DOI: 10.12968/ijmw.2024.0034 ISSN: 2979-1219

Human immunodeficiency virus and postpartum haemorrhage in a lower-middle-income setting: a retrospective cross-sectional study in Dar Es Salaam, Tanzania

Thomas Brown, Belinda Balandya, Gilles de Wildt

Introduction/Aims

Maternal mortality remains a significant public health issue, with approximately 300 000 women dying during pregnancy and childbirth annually, the majority of whom are from low- and middle-income countries. Postpartum haemorrhage is the leading cause of maternal death, while human immunodeficiency virus disproportionately affects young women, particularly in sub-Saharan Africa. This study's aim was to explore the intersection of human immunodeficiency virus and postpartum haemorrhage in a lower-middle-income setting, focusing on their combined impact on maternal mortality.

Methods

This retrospective cross-sectional study took place at Muhimbili National Hospital, in Tanzania. The medical records of 1105 births that took place at the hospital between 1 November 2021 and 31 January 2022 were accessed. Demographic statistics were compared between those positive and negative for human immunodeficiency virus using unpaired two sample t -tests and Chi-squared tests.

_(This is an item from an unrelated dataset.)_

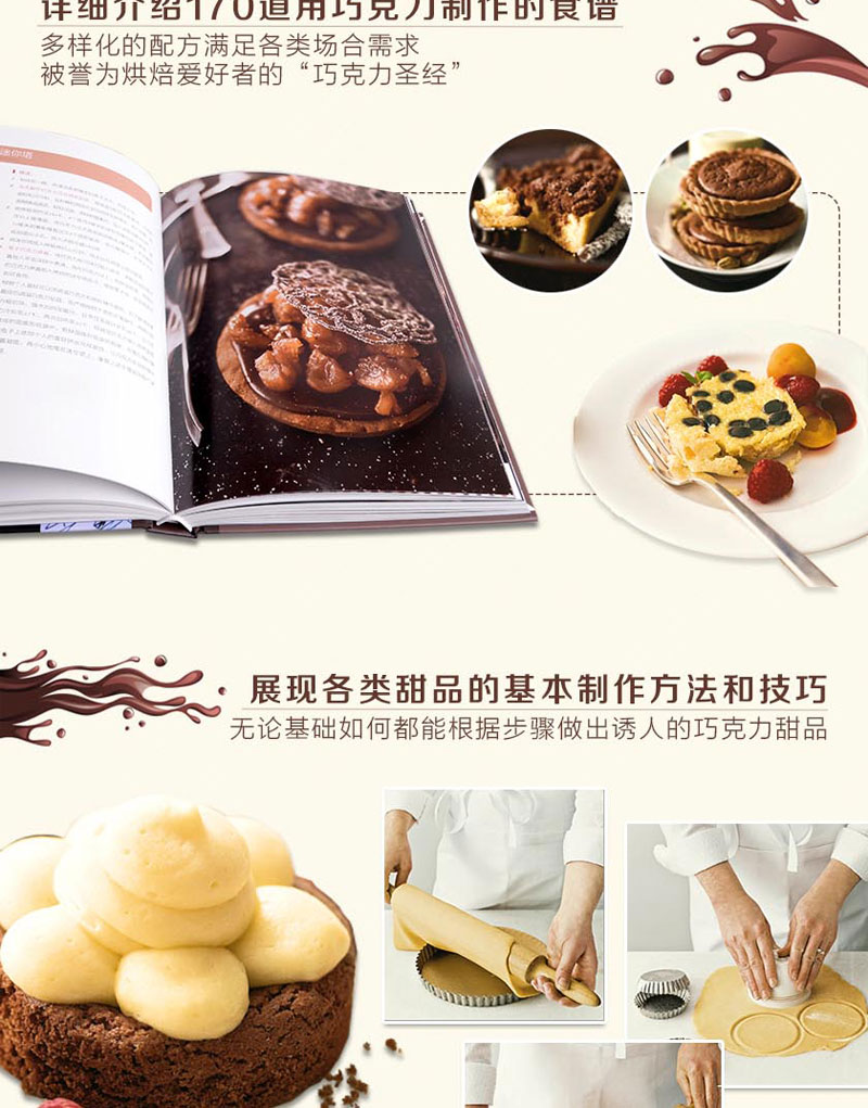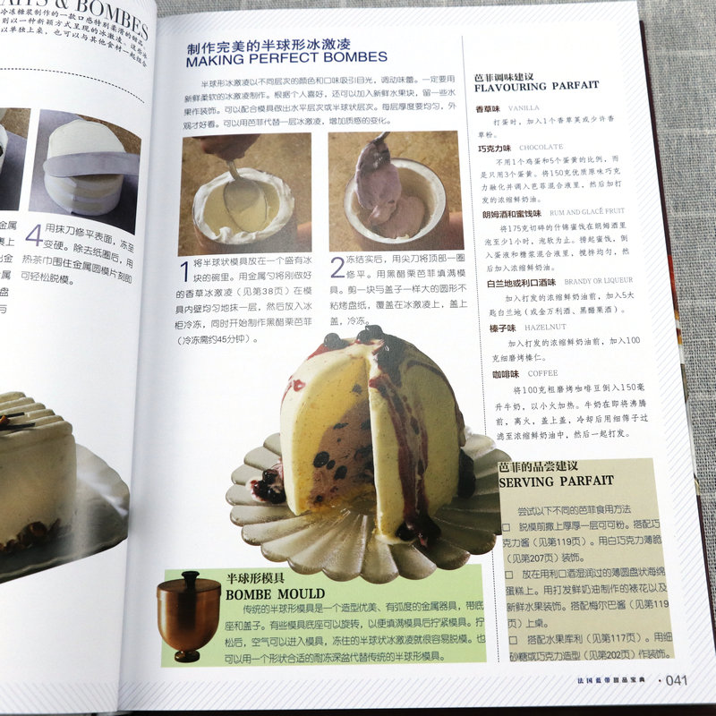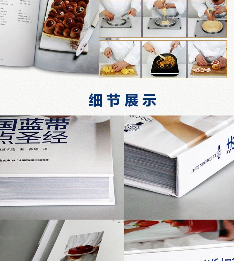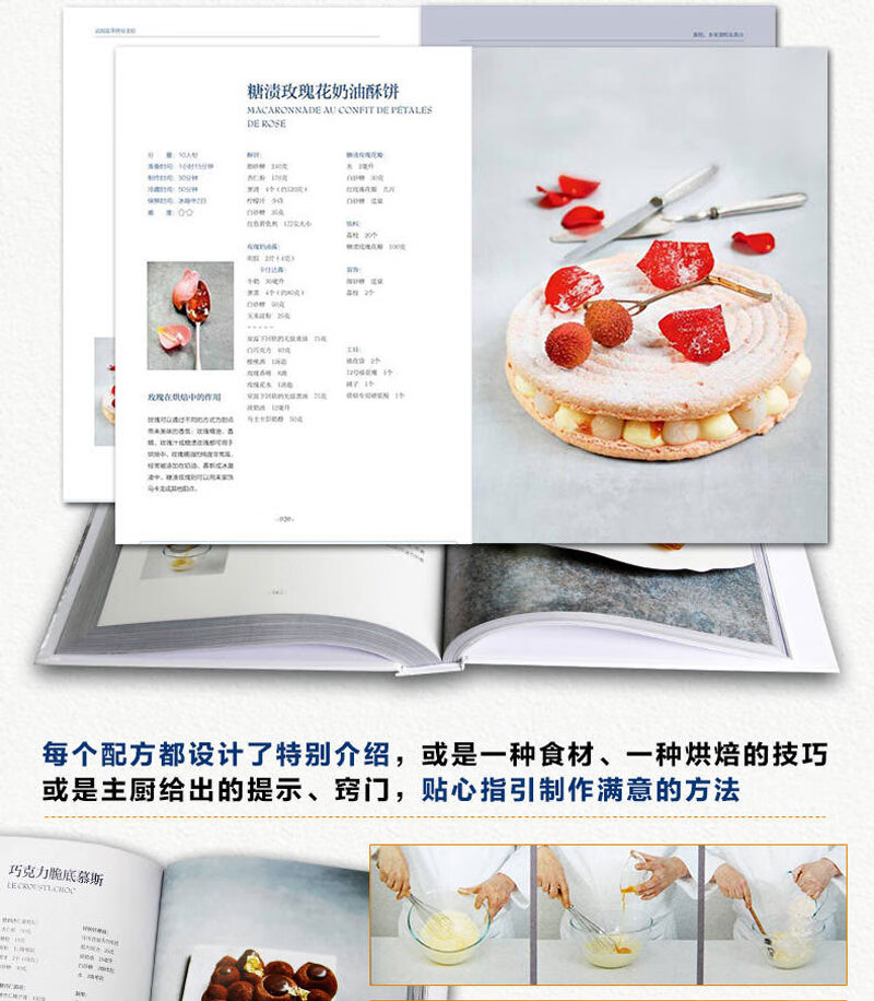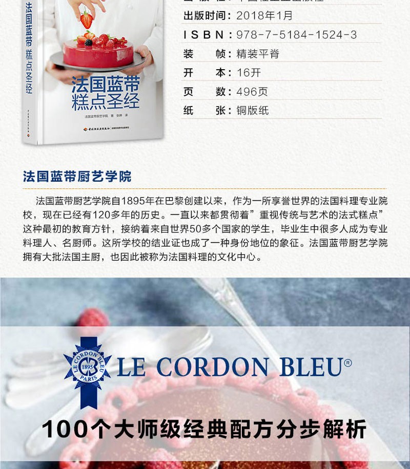 書中甜品突出法國藍帶廚藝學院特有的精緻裝飾和出眾技藝,單獨列出的參考部分則涵蓋製作麵糊、蛋白霜、沙司,以及加工水果、巧克力調溫、蛋糕裱花等所有基本技法。

Incidence of postpartum haemorrhage was compared between groups via an odds ratio calculation, adjusted for confounding factors using multivariable logistic regression.

Results

There was no statistically significant difference in the odds of experiencing postpartum haemorrhage between women testing positive and negative for human immunodeficiency virus (adjusted odds ratio: 0.68, P =0.354). Demographic and obstetric characteristics were similar across groups.

Conclusions

This study found no evidence of a significant association between human immunodeficiency virus status and the risk of postpartum haemorrhage, which may reflect the impact of national interventions to reduce the burden of human immunodeficiency virus. However, the findings are limited by the study setting, a tertiary centre, which may not reflect outcomes in community or primary care settings, and by the lack of data on human immunodeficiency virus treatment adherence.

Implications for practice

Further Research with larger heterogenous samples and additional clinical variables is recommended to definitively assess the relationship between human immunodeficiency virus and postpartum haemorrhage in maternal health.